All of this goes on in a country where Alex Rodriguez plays baseball for $22 million a year. The average salary for a major league baseball player is up to just over $2.3 million. No doubt these millionaires, along with the rest of this country's wealthy, don't lose sleep at night on lumpy mattresses worrying about making next month's rent. The chasm, that is honestly too weak of a word, between rich and poor in this country appears to be ever-widening now. That is why we should do something that might seem radical but is sound and rational: limit earned income. We need a national maximum wage. It could be as high as a million dollars per year. Is someone going to work harder and longer because he is making $1.1 million a year as opposed to just a million dollars? The motivation money provides us tops out long before a million dollars per year, anyway. And much could be done with that money over the million-dollar mark taken from the rich.

Obviously, the best thing to do with it is to give it to the people who need it most. Surely conservatives understand the value of investing in human capital. The more of that money that reaches the poor, the more of them who will rise out of their condition and contribute to the economy and society. Not only that, but limiting the rich itself is economically beneficial. It is inconceivable that Alex Rodriguez spends that $22 million efficiently. How could he? It would take a team of accountants just to explain to him where his money is. The poor spend their money much more efficiently than the rich, and limiting a person's earnings to a million dollars per year would ensure that more of the overall expenditures in this country would be done efficiently. One doesn't need a Ph.D. in Adam Smith to know the worn-out conservative lines about how taking from the rich and giving to the poor hurts our economy. But conservatives have it wrong coming and going. Limiting the rich helps; investing in the poor helps also.

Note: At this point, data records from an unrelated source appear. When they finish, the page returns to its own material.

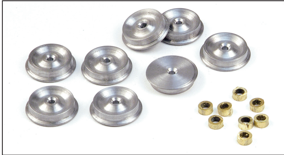
Scale wheels with axle bushings to reduce side-play in the trucks.

Micro-Mark has made arrangements with Current Line Models to produce scale wheels that are a direct replacement for the hi-rail wheels that come with the Williams O gauge Peter Witt streetcar.
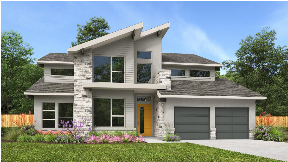
DESIGN 3491E E-70

This design, as originally designed and prior to any changes you make, is estimated to yield approximately the number of square feet shown on page 1. All dimensions are approximate. Square footage may vary based on as-built dimensions, configurations, plan options and/or the method of calculation. Designs are not-to-scale, and are conceptual illustrations that may differ from construction plans or completed improvements. A design may depict features not available on all homesites or in all communities. Perry Homes reserves the right to make changes in plans and specifications, and to substitute material of similar quality. Prices, terms, promotions, plans, dimensions, features, options, amenities, elevations, designs, square footages, specifications, materials, and availability of homes or communities are subject to change without notice or obligation. All obligations will be governed by a written contract. This design does not constitute a commitment to build a particular floor plan or home in any given community. Some floor plans, options, and/or elevations may not be available on certain homesites or in a particular community and may require additional charges. Please check with Perry Homes to verify current offerings in the communities you are considering. This rendering is the property of Perry Homes, LLC. Any reproduction or exhibition is strictly prohibited. © Perry Homes, LLC 2024
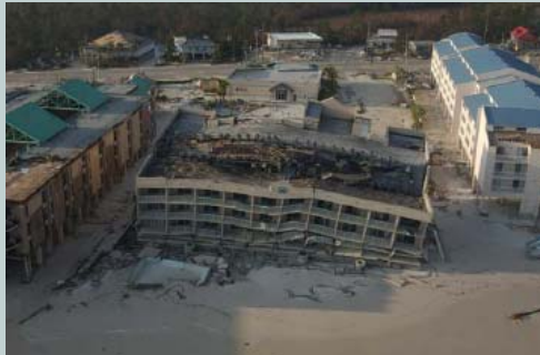
The EMS community played a big role in the Department's success of recent disaster efforts.

Dear Emergency Medical Services (EMS) Colleagues:
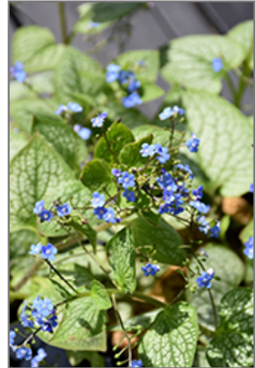
Jack of Diamonds Bugloss flowers

Jack of Diamonds Bugloss is recommended for the following landscape applications;
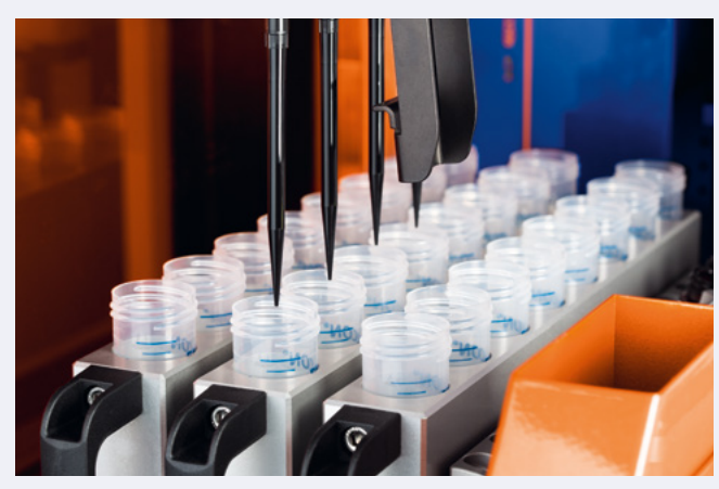
Figure 8: Cooled Chill Racks keep the samples and reagents at 2–8 ^{\circ} C.

The MultiMACS X Chill Racks allow you to keep your samples and reagents at 2-8\,^{\circ} C. By eliminating temperature variations, you achieve higher cell viability rates and reduce alterations in gene expression.
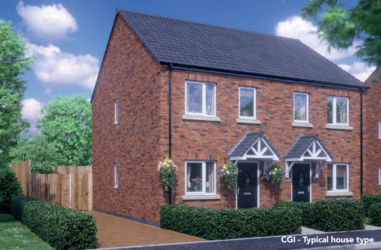
CGI - Typical house type
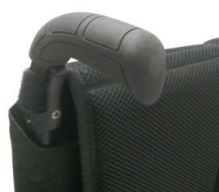
Push handles long
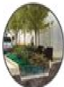
Low Impact Development
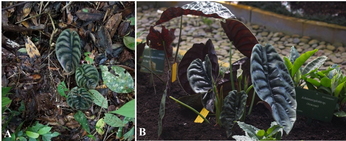
Fig. 2. Habitat of A. cuprea . A. A. cuprea in KMNP. B. A. cuprea cultivated in Bali Botanic Gardens.
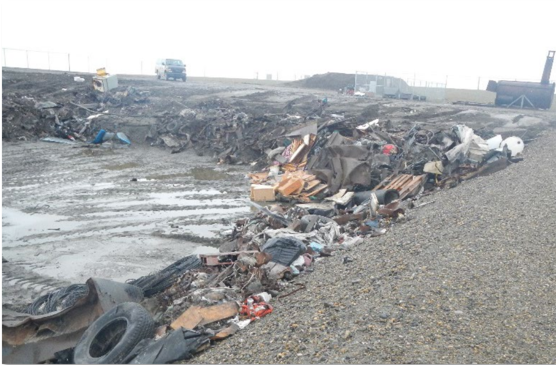
Working face at an area fill landfill.
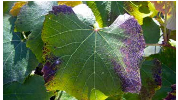
Figure 3 Purpling of the outer part of the leaf indicates phosphorus deficiency.

When compared to nitrogen and phosphorus, potassium presents very few problems for growers and the environment. It does not leach as quickly through soils as nitrogen does.
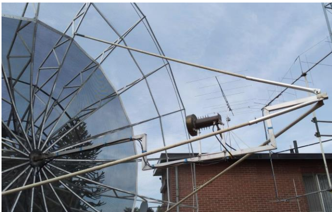
ON4GS's HB 6 m dish with 13 cm feed in place

ON5GS: Dirk dirk.reyners@telenet.be tried some SWL tests during the 13 cm MVAW -- On 4 and 5 Aug I did some tests on 13 cm EME with a feed from PA3CSG. There was quite a bit of activity on the HB9Q chat and most people were pleased to provide signals for reception tests. My PA is not yet ready. I used my 6 m HB dish with a KEPS-preamp (from my old oscar-40 mode S station) and a LZ5HP transverter. On Saturday I receive ZS6EME (17DB) for my copy on 13 cm! The next day with G4DDK preamp ZS6EME (13DB), ON4AOI (12DB) and astonishing I had SSB and CW reception from ZS6EME, G3LTF, OH2DG (very strong!) and K2UYH. I should have TX very soon. I hope to see many of you at EME2018.
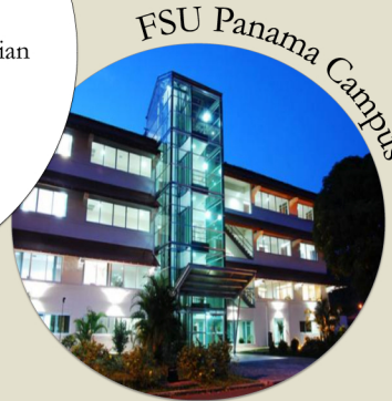
FSU Panama Campus
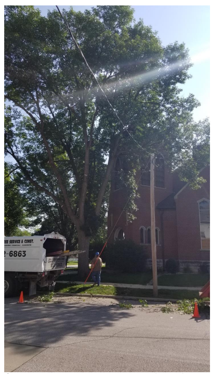
On August 22 we removed this old friend from our church grounds. Lightening damage and decay had taken its toll on this ash tree--a memorial planted in memory of Gary Yungclas in 1970.

This bat was found sleeping under the crumpled tape used to seal off the windows. Chris McNiel happened to stop by right after this discovery and he easily relocated the bat to the great outdoors.
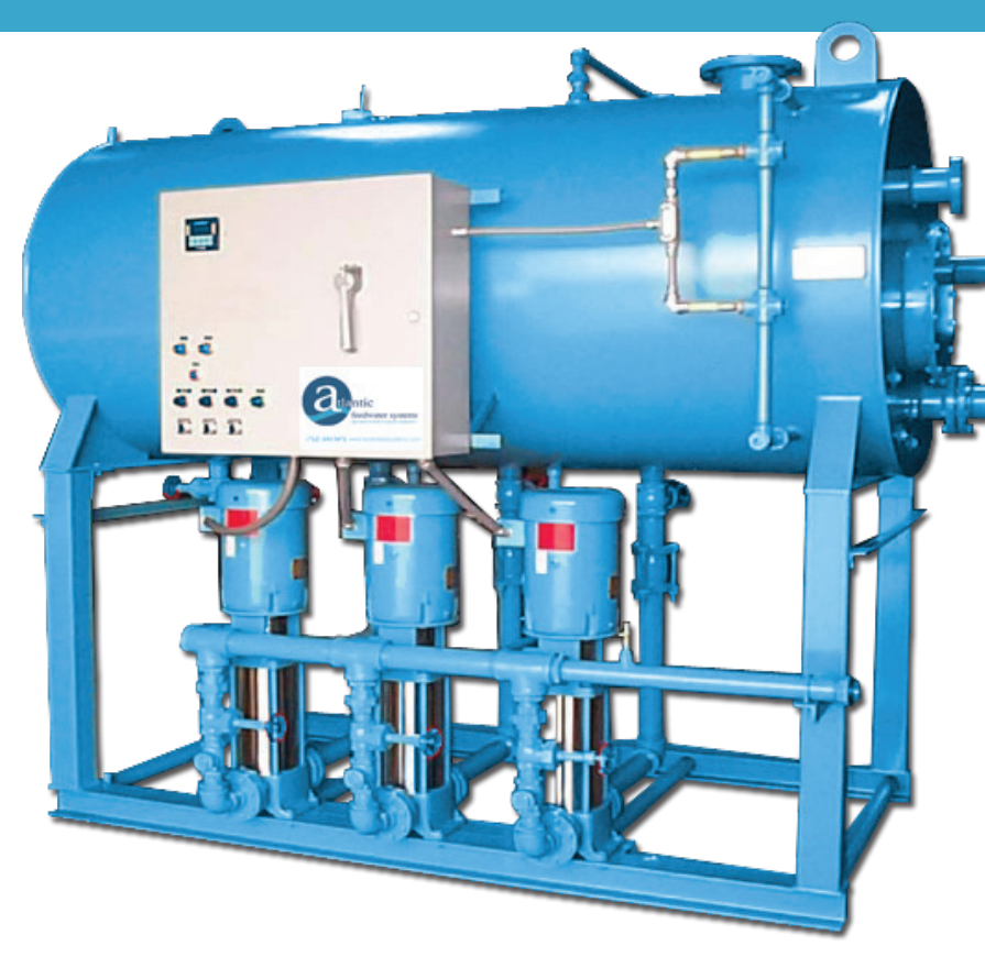
The A3, single-stage atmospheric deaerating heater offers uniform heating, while removing up to 99% of the oxygen in the make-up water.
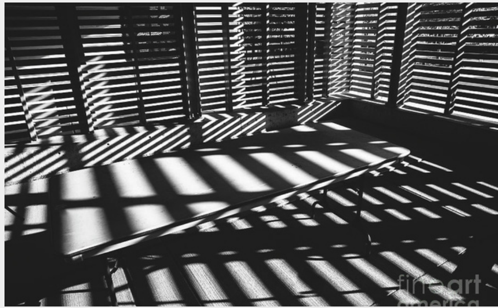
Abstract Light Patterns: Jim Corwin
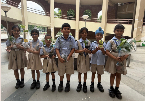
Instilling values of sustainability through tree plantation.

Ghaziabad: DPSG MR's PYP 2 learners celebrated Van Mahotsav by planting saplings brought from home, embracing values of care, sustainability, and environmental responsibility. Their joyful participation reflected a promise to protect nature, showing that small acts, when done together, can create meaningful change.
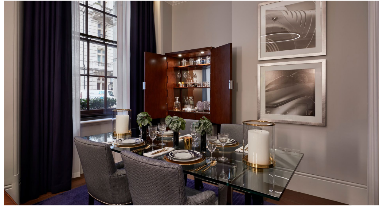
Distinct furniture by Ralph Lauren
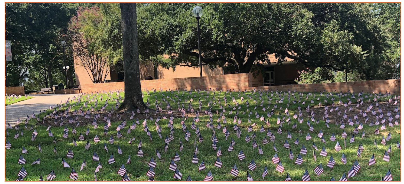
Photo of the 2,977 American flags planted for 9/11 Remembrance Project
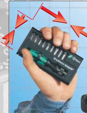
Compact boxes – small enough for the pocket.
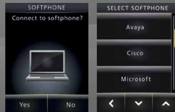
SETTING UP THE HEADSET
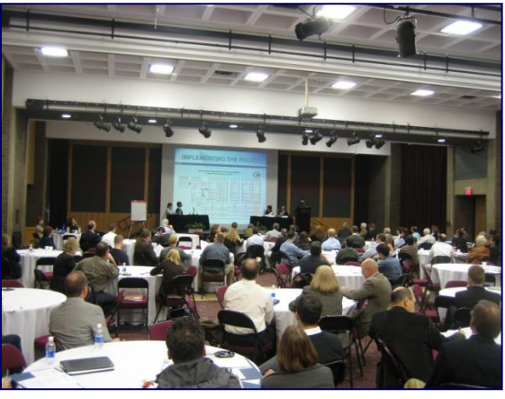
2010 Complete Streets Summit, New Brunswick, NJ

A statewide Complete Streets Summit was held in 2010 with a steering committee of local and state agencies, advocacy groups, Transportation Management Associations, citizens, and other stakeholders. Nearly 200 local, county, regional, and state agency planners, engineers, citizens, and officials attended the Summit.
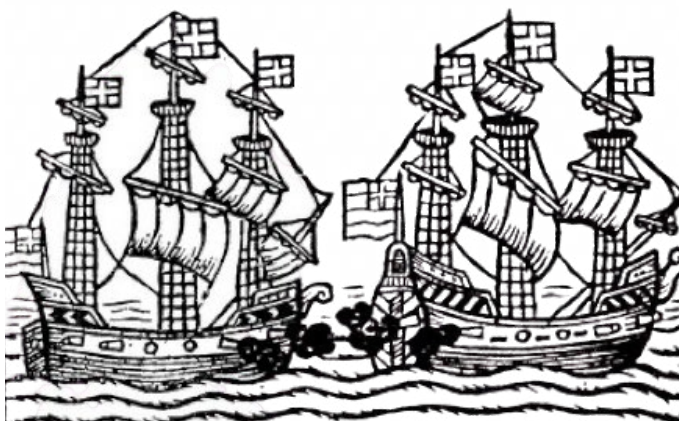
Seventeenth-century woodcut depicting a pirate skirmish

With Florin’s attack on Spanish ships in the eastern Atlantic, the great age of Atlantic piracy had begun. Tales of piracy and the valuable booty generated by pirate raids circulated in port towns and beyond and were often the way that people learned about the new world of Atlantic exploration. Imagine the excitement that rippled through seaside towns as pirate ships sailed in with stolen goods and crews telling stories of battles and victories on the high seas. Think about how these stories would have landed in the ears and minds and hearts of people who were far away from the centers of imperial power: you didn’t need to know how to read or be a sailor or high-ranking official to understand that whatever was going on in the Atlantic was exciting and full of opportunities for money and adventure. Even as they attacked official boats and settlements, pirates contributed to the success of empire by spreading excitement and news about Atlantic colonization alongside the plunder they took. Through their exploits, pirates generated thrilling tales about new places, new peoples, and new products from the emerging Atlantic World. Their bold outlaw behavior suggested that there was a place for personal ambition and an escape from the constraints of society. 500 years ago—like today—this was a very appealing fantasy to many people, for all sorts of reasons.
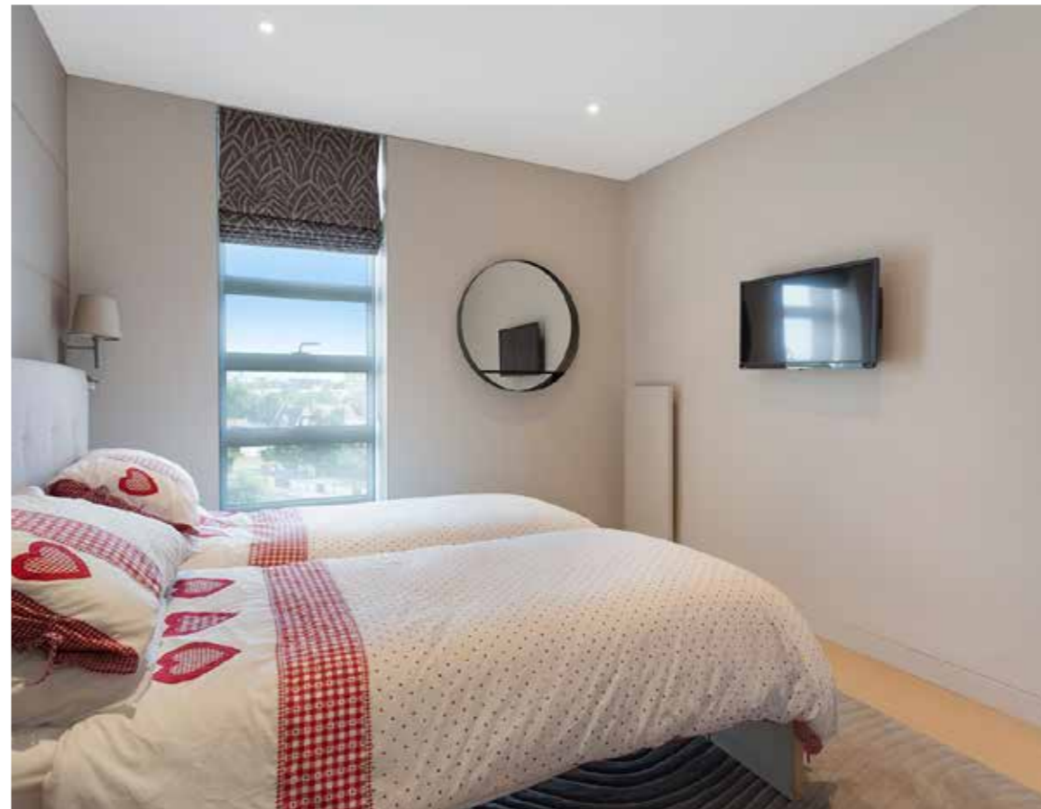
Montevetro Building London, SW11 • Guide Price £2,000,000 • Share of Freehold
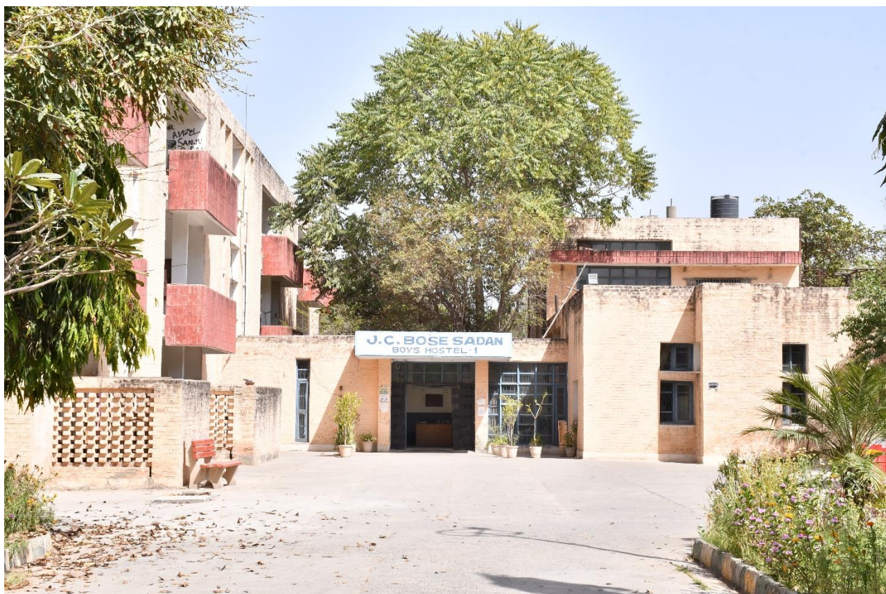
J.C. Bose Sadan (Boys Hostel-I)

The meal is provided as per healthy & balanced menu at reasonable rates and menu items & quality check is done randomly by the Mess Committees, Wardens, Coordinators, Deputy Chief Wardens and the Chief Wardens. Hostel accommodation will be provided according to latest Govt. COVID-19 guidelines and hostel rules. The prospective hostellers are also required to submit medical fitness certificate at the time of admission. The hostel residents are governed by the terms and conditions as contained in the University Hostel Regulations. The university administration with the very energetic and dedicated team of hostel administrations ensures a better quality of life for all the hostel residents.
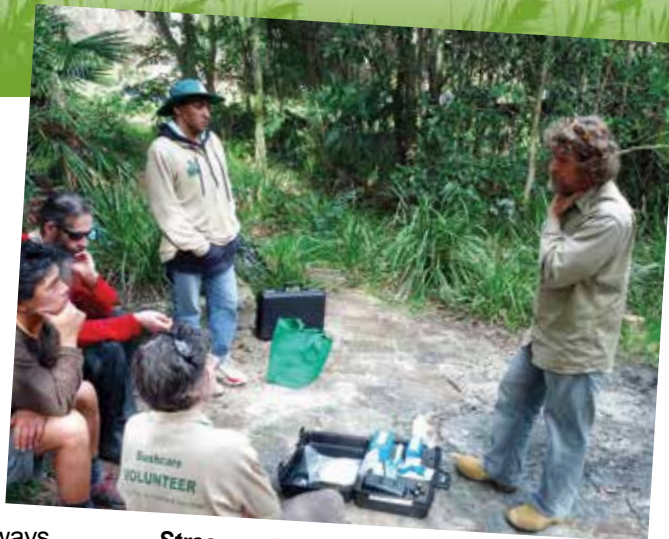
Streamwatch and local bushcare volunteers monitoring water quality at Bronte Creek.
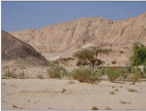
Plate 2. Ain Hodra © Matthew White
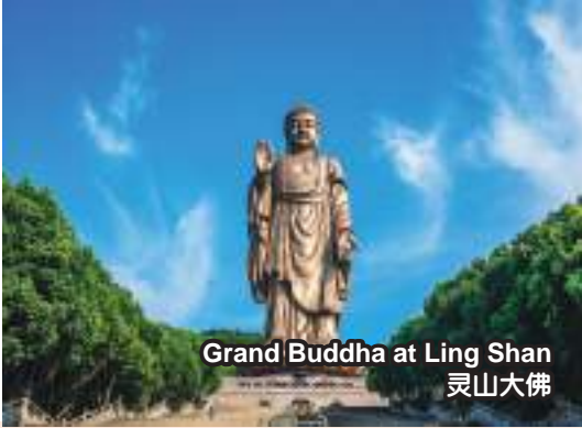
Grand Buddha at Ling Shan 灵山大佛

Furthermore, investing in the poor is more is than this take-from-the-rich-and-give-it-to- the-poor income redistribution. In an excellent article in Social Science Review Howard Glennerster describes how the United States has gone from "targeted income transfers" in the 1970s to a much more fine-tuned approach in the 1980s and 1990s. We are also told that Medicare, Medicaid, Supplemental Security Income, unemployment compensation, workers' compensation, and Social Security have "significantly reduced the scale of poverty." Our poverty rate isn't 4%, but with more money and more attention to who gets it and for what, it certainly could be.

The tug of war for our country along this capitalist/socialist continuum has been going on for well over 100 years. And for all of that time conservatives, under one moniker or another, have kept us, compared to the rest of the world, tenaciously pulled to the right. Perhaps the only positive about the events of 9-11 is that they offered us an historic chance to take stock of just how far right we are on that continuum and do something about it. But we in this country continue to sacrifice our humanity on the alter of capitalism. We had our chance at redemption. We had our chance to sacrifice for the least among us. But nothing's changed. We are still praying to the wrong god.